The industry regulator believe these changes will create more competition in the wholesale market, as it stands “the big six” are responsible for 80% of Britain’s electricity and supply around 95% of it to their customers.
The changes will mean that the six largest suppliers Centrica (British Gas), E.on Energy, Scottish and Southern, Npower, EDF Energy and Scottish Power will be forced to publish the prices that they will buy and sell electricity at, up to 2 years in advance, or face cash penalties.
“Ofgem’s proposals will break the stranglehold of the big six in the retail market,” Said Andrew Wright, senior partner for markets at Ofgem. (BBC News)

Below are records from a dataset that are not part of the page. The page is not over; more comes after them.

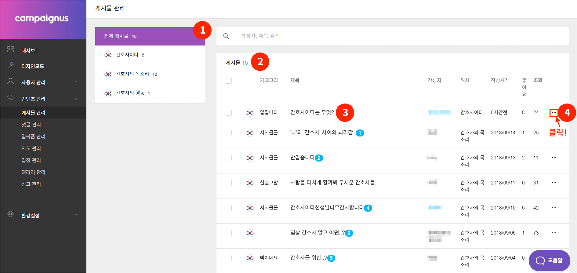 3 게시물의 제목, 작성자, 작성 위치 등을 확인할 수 있습니다.
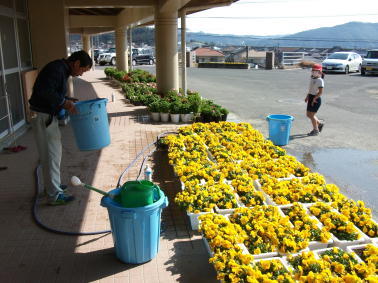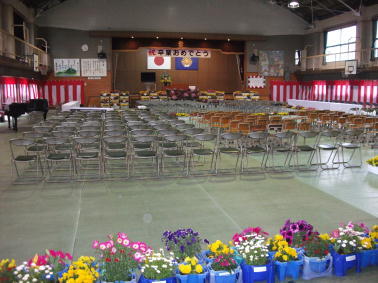 4年生、5年生が寸暇を惜しんで式場並びにその周りをきれいにしておりました。
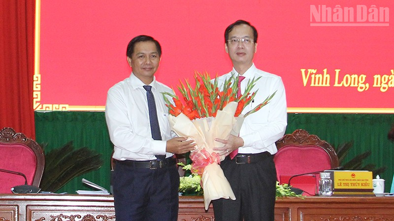 Bí thư Tỉnh ủy Vĩnh Long Trần Văn Lâu tặng hoa chúc mừng tân Chủ tịch Ủy ban nhân dân tỉnh Vĩnh Long Trần Trí Quang.
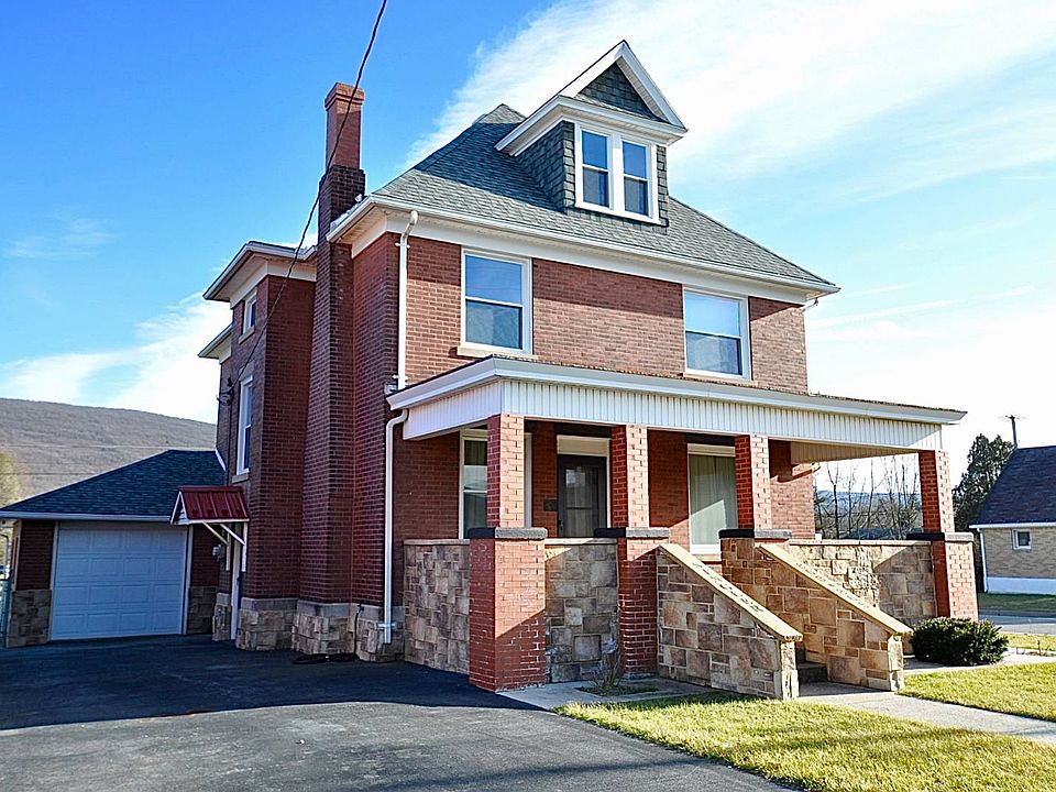 WOW! This beautiful brick 2 1/2 story beauty on a fenced corner lot in Bellwood Borough really delivers! The outside of the home has been beautifully maintained and is impervious to the elements, with new roofs and replacement windows; inside has so much potential and is waiting for you! Hardwood floors, brick wood burning fireplace, eat in kitchen and formal dining room; upstairs you'll find 4 bedrooms and a full bathroom. The walk up attic could be finished or would make the perfect workshop or office. In addition to the 1 car attached garage there is a huge and heated two car detached garage with full second floor workshop and separate 100 amp electric service. Beautiful fenced rear and side yards, lots of paved off street parking, economical natural gas heating and hot water ... see this wonderful property soon and make it yours!
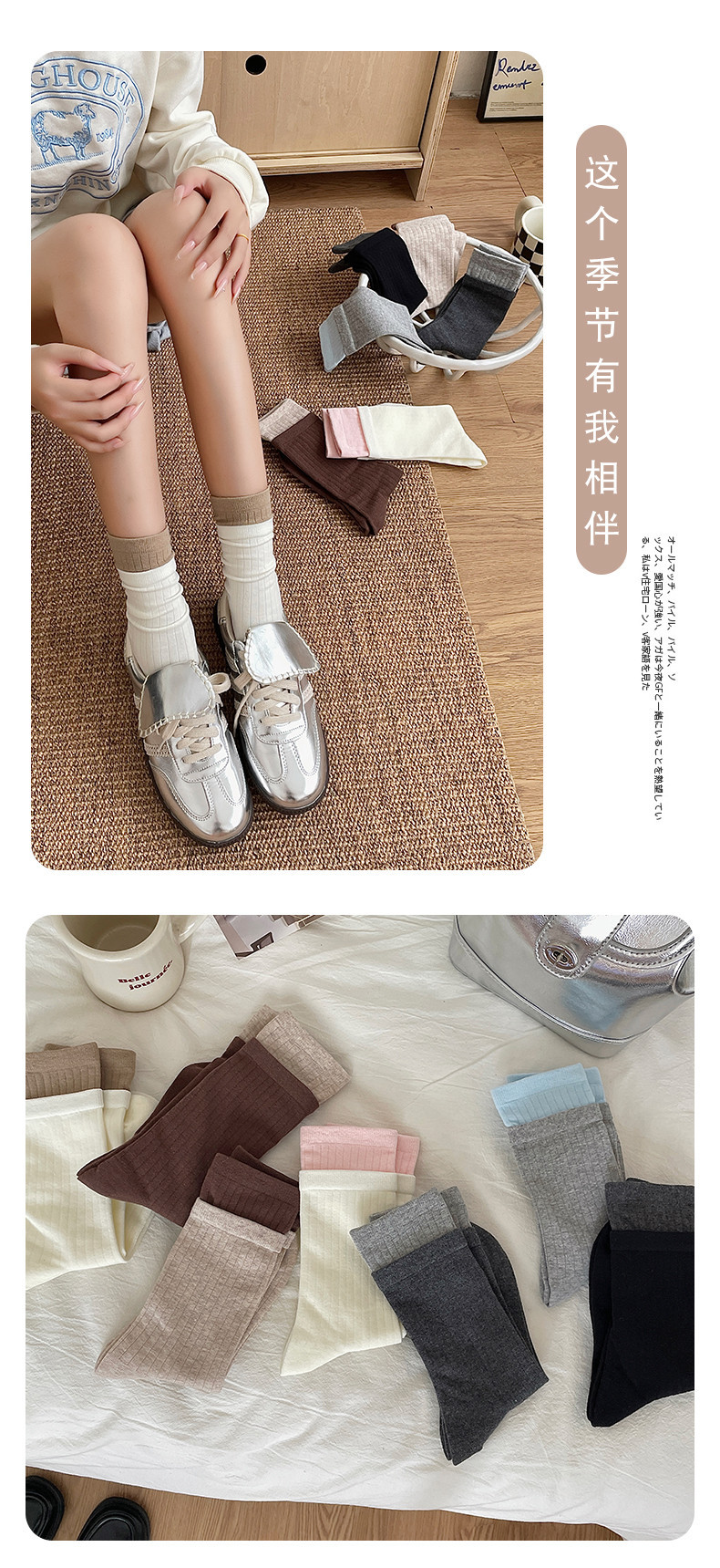 봄과 가을 더블 라커우 대비 컬러 올매치 코튼 스택 양말 여성용 미드 배럴 컬러 매칭 더블 양말 Instagram 패셔너블 스타킹스토어 가기

Mr Wright also added that the changes should “create a more level playing field for independent suppliers, who will get a fair deal when they want to buy and sell power up to two years ahead”.
Currently the major suppliers auction up to 30% of their power to smaller suppliers in a spot market for immediate usage, however, it is still unclear as to where the energy market will be in months or even years to come.
Under the new rules all major energy companies will now have to sell power at resonable prices and negotiate fairly with deadlines being implemented to ensure that requests are acknowledged and responded to. If they do not adhere to these guidelines then fines will be in place to penalise them.